■ Data to use
══════

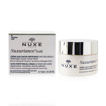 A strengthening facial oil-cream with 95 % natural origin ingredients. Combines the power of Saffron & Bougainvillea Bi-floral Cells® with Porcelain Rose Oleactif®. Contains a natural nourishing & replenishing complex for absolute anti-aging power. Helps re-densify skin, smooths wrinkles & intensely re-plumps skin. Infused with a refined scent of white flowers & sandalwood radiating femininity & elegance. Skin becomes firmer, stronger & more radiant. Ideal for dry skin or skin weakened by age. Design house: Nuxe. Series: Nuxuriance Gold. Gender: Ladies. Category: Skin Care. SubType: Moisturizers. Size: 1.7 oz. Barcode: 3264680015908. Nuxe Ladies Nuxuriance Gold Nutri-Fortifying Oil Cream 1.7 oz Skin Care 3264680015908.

══════

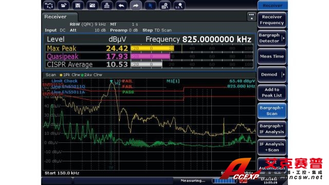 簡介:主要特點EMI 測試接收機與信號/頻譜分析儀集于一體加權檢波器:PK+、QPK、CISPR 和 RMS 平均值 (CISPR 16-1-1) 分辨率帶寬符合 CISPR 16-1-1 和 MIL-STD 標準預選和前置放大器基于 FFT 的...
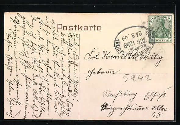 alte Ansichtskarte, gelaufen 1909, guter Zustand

══════

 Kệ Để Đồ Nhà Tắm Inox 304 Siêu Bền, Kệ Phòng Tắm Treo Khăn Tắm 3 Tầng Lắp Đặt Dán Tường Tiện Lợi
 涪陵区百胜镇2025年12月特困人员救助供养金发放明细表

══════

■ Assigned task
Text only, no pictures: please print exactly the lines above from the line with "簡介:主要特點EMI 測試接收機與信號/頻譜分析儀集于一體加權檢波器:PK+、QPK、CISPR 和" up to and including the line with "alte Ansichtskarte, gelaufen", and nothing else.

■ Reply
 簡介:主要特點EMI 測試接收機與信號/頻譜分析儀集于一體加權檢波器:PK+、QPK、CISPR 和 RMS 平均值 (CISPR 16-1-1) 分辨率帶寬符合 CISPR 16-1-1 和 MIL-STD 標準預選和前置放大器基于 FFT 的...
 alte Ansichtskarte, gelaufen 1909, guter Zustand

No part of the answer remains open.